Bis hierher führt der analytische Vor-Gang der Wissenschaftslehre. Weiter muss sie nicht führen. Es ist das wirkliche Bewusstsein wirklicher Menschen, das erklärt werden soll. Wo das alles sich abspielt, gehört zu den Gegebenheiten. Es ist ein animal. Wie aus den organischen Trieben eines Angehörigen der Familie Homo ein freies Wollen werden konnte, muss nicht mehr die Wissenschaftslehre erklären. Es wäre Sache der – so oder so zu bestimmenden – Anthropologie. Der Wissenschaftslehre reicht es zu zeigen, dass es geschehen sein muss, und wo.
An der Stelle beginnt nun der synthetische Gang der Wissenschaftslehre.
Wollen und Vorstellen bilden eine Art Doppelhelix. Eins kann nicht ohne das andre. Der Kern der neueren Dialektik ist dies.

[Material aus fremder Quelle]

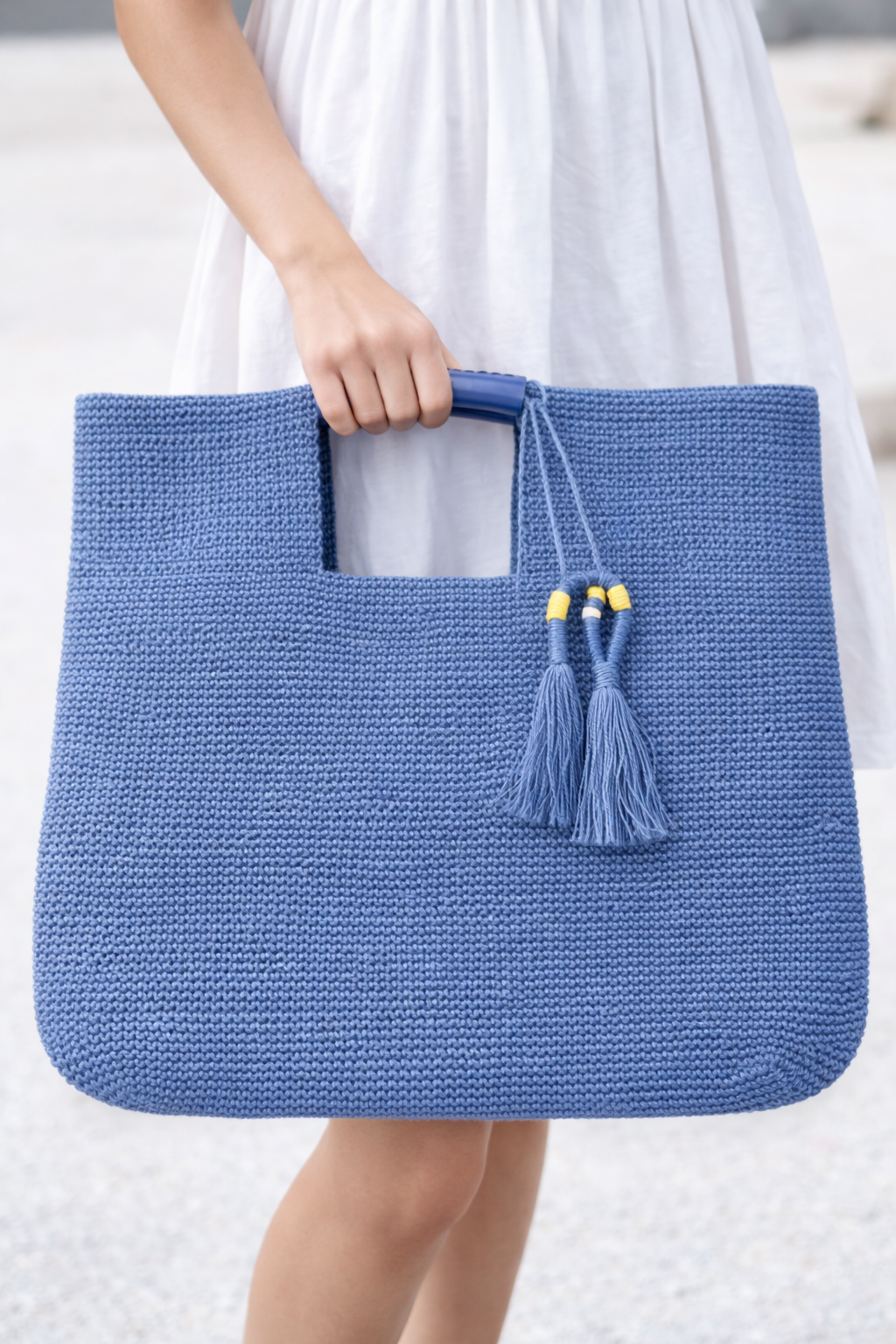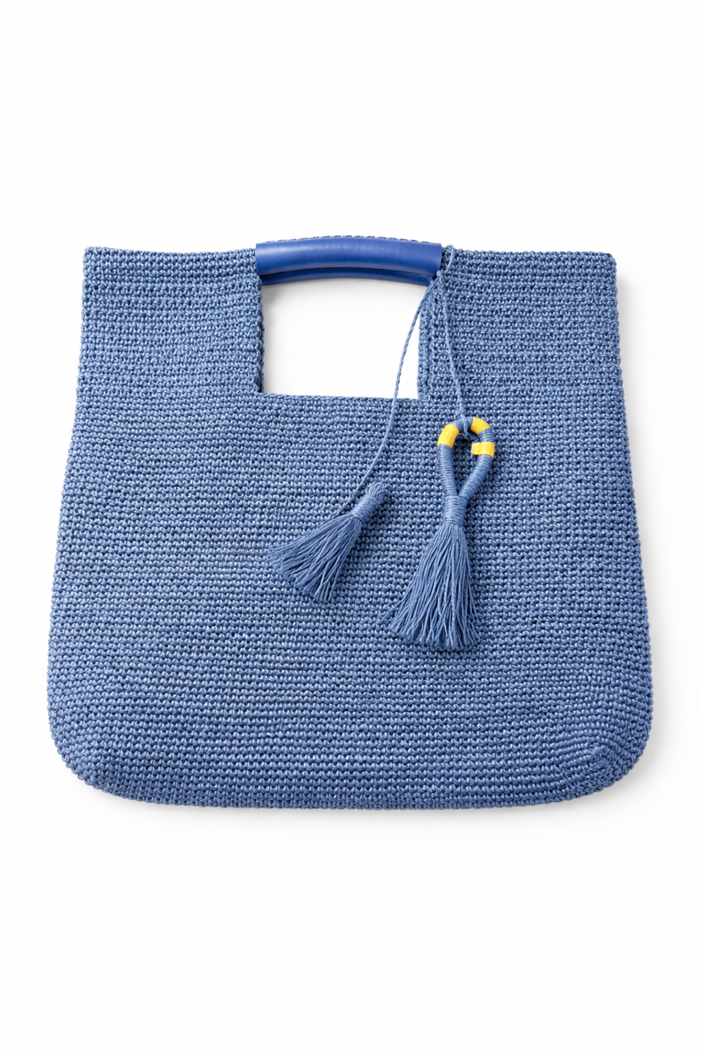 Büyük Püsküllü El Örgüsü Çanta – Sade Bohem Şıklık - Mavi

Das Wollen ist in diesem Wechselspiel das gewissermaßen Reale, das Vorstellen ist sein ideales Gegenstück. Was das eine wirklich tut, 'stellt' das andere 'sich vor': Schaut es an. Im Anschauen erblickt es nicht nur das Getane, Produkt, sondern im Anschauen des Tuns erblickt es zugleich den Tuenden, Tätigen; "Ich".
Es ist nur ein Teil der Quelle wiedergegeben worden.